AMARILLO, Texas (AP) — The Latest on the freight train crash in West Texas (all times local):
Fire crews are still pouring water on the flaming wreckage of two freight trains that collided head-on while using the same track in the Texas Panhandle.
Sgt. Dan Buesing of the Texas Department of Public Safety says the flames from the burning diesel fuel of the two smashed locomotives are beginning to subside but that crews won't be able to search the wreckage for three missing crew members until the flames are extinguished.
A voluntary evacuation and shelter-in-place directive remains in effect for some areas downwind of the fire, but Buesing says air quality samples near the fire have tested safe.
Buesing says the fourth crew member who was able to jump clear of one of the trains has injuries that are not life threatening. He is in stable condition at an Amarillo hospital. His identity wasn't available.

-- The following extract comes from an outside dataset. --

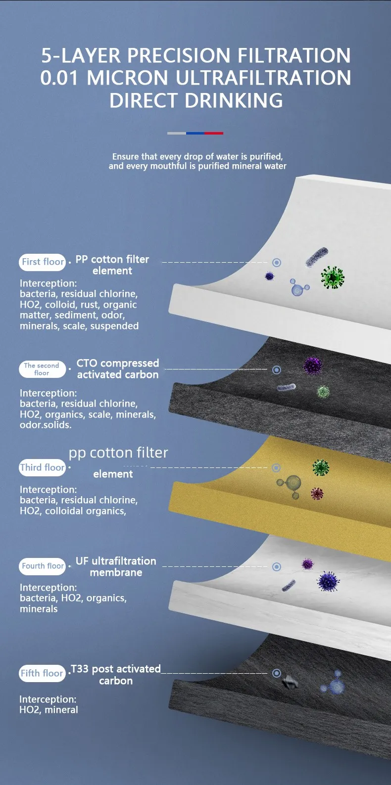 4.Boisson directe : taille du filtre jusqu’à 0,01 micro, plus sûr, taux d’élimination jusqu’à 99,95 % pour les sédiments, la rouille, les odeurs, la clor, etc.

A spokesman for BNSF Railway says it's not clear whether new safety technology was being used along the track in the Texas Panhandle where two freight trains collided head-on, injuring one crew member and leaving three others missing.
BNSF and other freight carriers have pledged to meet a 2018 federal deadline to adopt the technology, called positive train control or PTC.
With that deadline still two years away, it appears unlikely that the measures were in place Tuesday when the trains collided northeast of Amarillo. But BNSF spokesman Joe Faust says he needed to confirm with company officials whether any such technology was being used.
PTC relies on GPS, wireless radio and computers to monitor train positions and automatically slow or stop trains that are in danger of colliding, derailing due to excessive speed or about to enter track where crews are working or that is otherwise off limits.
A BNSF Railway spokesman says emergency personnel are searching for three crew members missing in the wreckage of a two-train collision in the Texas Panhandle.
Spokesman Joe Faust said Tuesday that each train was carrying two crew members. He says one man jumped before the trains collided and is being treated at a hospital. The extent of his injuries is unknown.
Faust says it's not clear how fast the trains were traveling when they collided, but the speed limit in that area is 70 mph.
National Transportation Safety Board spokesman Keith Holloway says the NTSB has opened an investigation.
Federal authorities say there are injuries in the head-on collision of two freight trains in West Texas.
Federal Railroad Administration spokesman Matthew Lehner says that there are injuries in the crash between two BNSF trains near Panhandle, Texas, but didn't specify how many injuries.
BNSF Railway spokesman Joe Faust said the collision happened at about 8:40 a.m. Tuesday. State, railroad and federal authorities have not provided details on the cause of the crash.
Panhandle, Texas, is about 25 miles northeast of Amarillo.
Several box cars have derailed and are engulfed in flames following a freight train collision in the Texas Panhandle.
Texas Department of Public Safety Lt. Bryan Witt says the accident occurred Tuesday morning near the town of Panhandle, about 25 miles northeast of Amarillo.
Witt says he's waiting for more details on the accident from troopers arriving on scene.
Images provided by KFDA-TV in Amarillo show thick, black smoke billowing from a jumble of some two-dozen box cars strewn along the tracks.
BNSF Railway spokesman Joe Faust says two BNSF freight trains were involved in the collision about 8:40 a.m. He had no further information.
No injuries have been reported.
Billy Brown, a farmer who lives in the area, says he saw a fireball erupt after the collision occurred.